/---
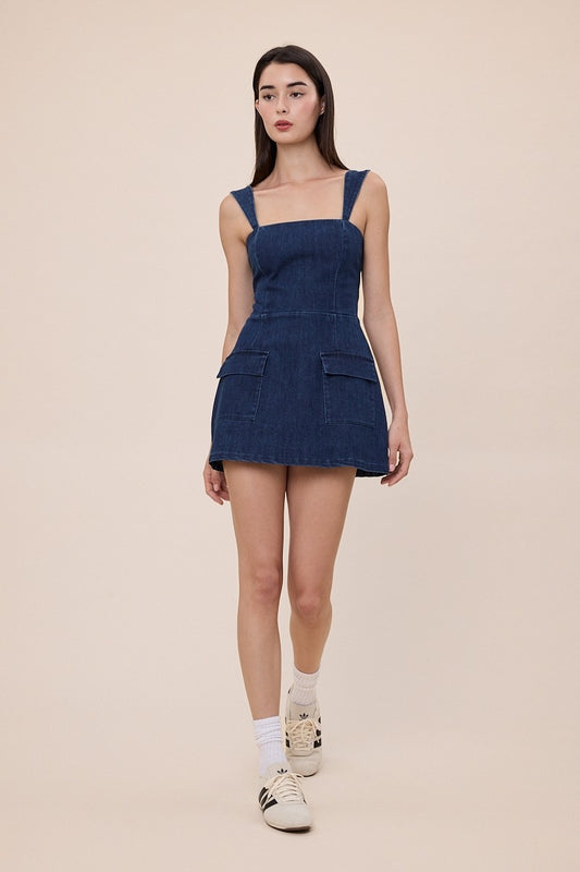 Denim Square Neck Plain Romper
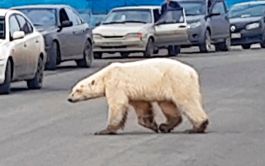 No es claro cómo terminó la osa en Norilsk, que está a unos 400 kilómetros (250 millas) tierra dentro del hielo marítimo que suele ser el lugar habitual para caza de osos polares.
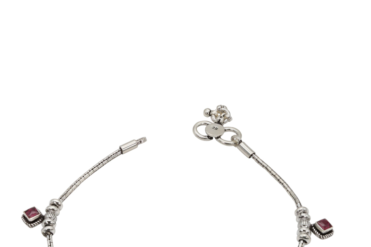 Elevate your style with the unique charm of the Crimson Cube Anklet. This striking piece is a perfect fusion of vintage appeal and modern design, crafted from 92.5 hallmark oxidised silver. The anklet features a delicate, textured chain, gracefully adorned with a series of square-shaped charms. Each charm is meticulously set with a vibrant semi-precious red stone, creating a captivating contrast against the antique silver finish. The timeless design and bold color make this anklet a versatile and sophisticated accessory, perfect for adding a touch of elegance to any ensemble.
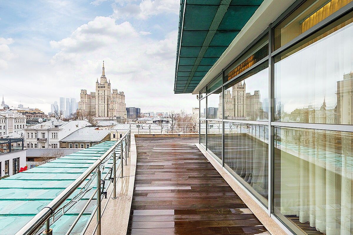 Много пространства, воздуха и света. Роскошная терраса по всему периметру с потрясающими видами на центр Москвы.
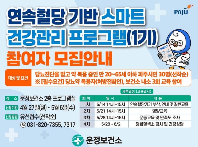 미디어라이프 중부신문 최부일 기자 | 파주시 운정보건소는 심뇌혈관질환 예방관리사업의 일환으로 ‘연속혈당 기반 스마트 건강관리 프로그램’참여자를 오는 27일부터 10일간 모집한다.
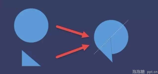 6、制作逗号,插入一个圆形,一个直角三角形,然后将其按下图组合在一起。下图中虚线为45度的直径参考。
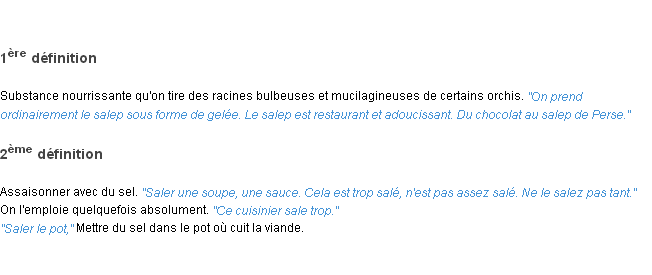Signification éditée en 1876 pour le terme « salep » par Emile Littré.Merci à Paschal et Joelle pour la numérisation du mot salep.
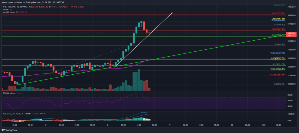 Bugünün mumunda %16’lık bir yükseliş gören YFI yaşadığı %5’e yakın gerilemeyle 35.569 dolar desteği üzerinde tutunmaya çalışıyor. Saatlik grafik üzerinde çizilen beyaz yükseliş trendini aşağı yönlü kırmaya çalıştığı görülen YFI’nın yatay destek üzerinde devam etmesi halinde tekrardan 37.481 direncini denemesi bekleniyor. Ancak yatay destek kırılırsa fiyatın MA50 seviyesine ve aynı zamanda diğer yükselen trend olan yeşil çizgiye denk gelen 32.868 dolara kadar düştüğü görülebilir. Bu noktada MA50 altındaki kapanışlarda stop olma yoluna gidilebilir.
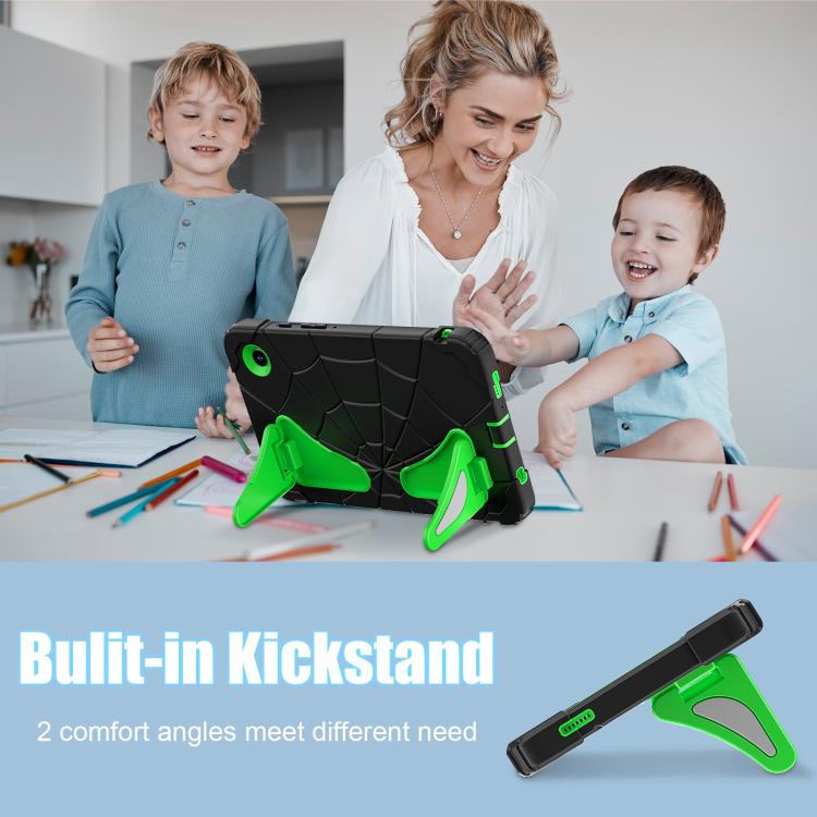 For Samsung Galaxy Tab A11 Spider Silicone Hybrid PC Shockproof Tablet Case(Black Green)
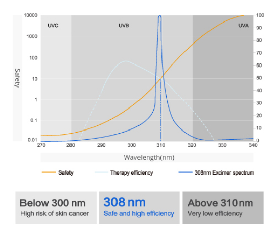308nm Excimer UV-light is a single wavelength light by using Xecl as illumination, to induce T cells apoptosis and improve pigment synthesis. It is regarded as the gold standard to treat vitiligo because of the excellent efficacy, low operation cost, short treatment course and less adverse reactions.
\---
Every line of the material above must be written out exactly, with no pictures.

 Denim Square Neck Plain Romper
 No es claro cómo terminó la osa en Norilsk, que está a unos 400 kilómetros (250 millas) tierra dentro del hielo marítimo que suele ser el lugar habitual para caza de osos polares.
 Elevate your style with the unique charm of the Crimson Cube Anklet. This striking piece is a perfect fusion of vintage appeal and modern design, crafted from 92.5 hallmark oxidised silver. The anklet features a delicate, textured chain, gracefully adorned with a series of square-shaped charms. Each charm is meticulously set with a vibrant semi-precious red stone, creating a captivating contrast against the antique silver finish. The timeless design and bold color make this anklet a versatile and sophisticated accessory, perfect for adding a touch of elegance to any ensemble.
 Много пространства, воздуха и света. Роскошная терраса по всему периметру с потрясающими видами на центр Москвы.
 미디어라이프 중부신문 최부일 기자 | 파주시 운정보건소는 심뇌혈관질환 예방관리사업의 일환으로 ‘연속혈당 기반 스마트 건강관리 프로그램’참여자를 오는 27일부터 10일간 모집한다.
 6、制作逗号,插入一个圆形,一个直角三角形,然后将其按下图组合在一起。下图中虚线为45度的直径参考。
Signification éditée en 1876 pour le terme « salep » par Emile Littré.Merci à Paschal et Joelle pour la numérisation du mot salep.
 Bugünün mumunda %16’lık bir yükseliş gören YFI yaşadığı %5’e yakın gerilemeyle 35.569 dolar desteği üzerinde tutunmaya çalışıyor. Saatlik grafik üzerinde çizilen beyaz yükseliş trendini aşağı yönlü kırmaya çalıştığı görülen YFI’nın yatay destek üzerinde devam etmesi halinde tekrardan 37.481 direncini denemesi bekleniyor. Ancak yatay destek kırılırsa fiyatın MA50 seviyesine ve aynı zamanda diğer yükselen trend olan yeşil çizgiye denk gelen 32.868 dolara kadar düştüğü görülebilir. Bu noktada MA50 altındaki kapanışlarda stop olma yoluna gidilebilir.
 For Samsung Galaxy Tab A11 Spider Silicone Hybrid PC Shockproof Tablet Case(Black Green)
308nm Excimer UV-light is a single wavelength light by using Xecl as illumination, to induce T cells apoptosis and improve pigment synthesis. It is regarded as the gold standard to treat vitiligo because of the excellent efficacy, low operation cost, short treatment course and less adverse reactions.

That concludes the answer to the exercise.